Reproduce the data exactly and drop any pictures it holds.

# Data extract
■ ■ ■
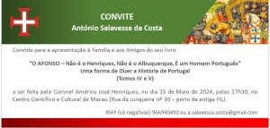 No próximo dia 15 de maio, pelas 17h30, terá lugar no Auditório do CCCM o lançamento de mais dois volumes (Tomos IV e V) da obra “O Afonso – Não é o Henriques, Não é o Albuquerque, é um Homem Português”, Uma Forma de Dizer a História de Portugal, de António Salavessa da Costa.
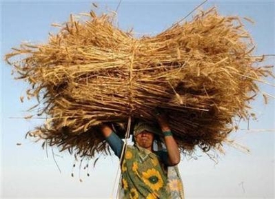 A farmer carries wheat crop as she walks back to her home at Bhadari village, near the northern Indian city of Allahabad, April 8, 2008. [Agencies]
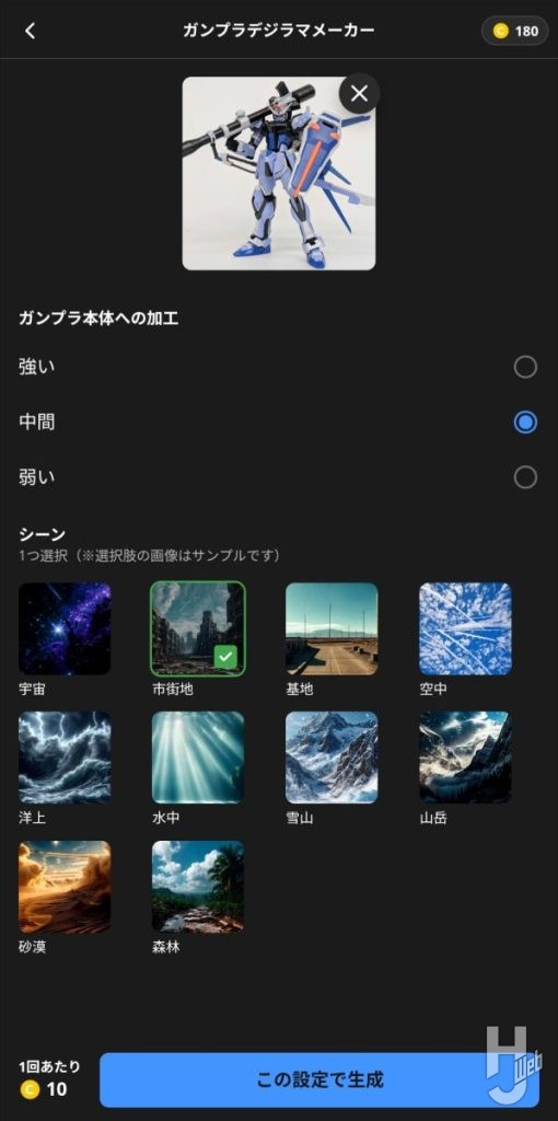 ガンプラのスマホ撮影術や「デジラマメーカー」での生成方法は、上記の記事で詳しく解説しているのでこちらもぜひ参考にしてみてください。
■ ■ ■
# Answer for the task
 No próximo dia 15 de maio, pelas 17h30, terá lugar no Auditório do CCCM o lançamento de mais dois volumes (Tomos IV e V) da obra “O Afonso – Não é o Henriques, Não é o Albuquerque, é um Homem Português”, Uma Forma de Dizer a História de Portugal, de António Salavessa da Costa.
 A farmer carries wheat crop as she walks back to her home at Bhadari village, near the northern Indian city of Allahabad, April 8, 2008. [Agencies]
 ガンプラのスマホ撮影術や「デジラマメーカー」での生成方法は、上記の記事で詳しく解説しているのでこちらもぜひ参考にしてみてください。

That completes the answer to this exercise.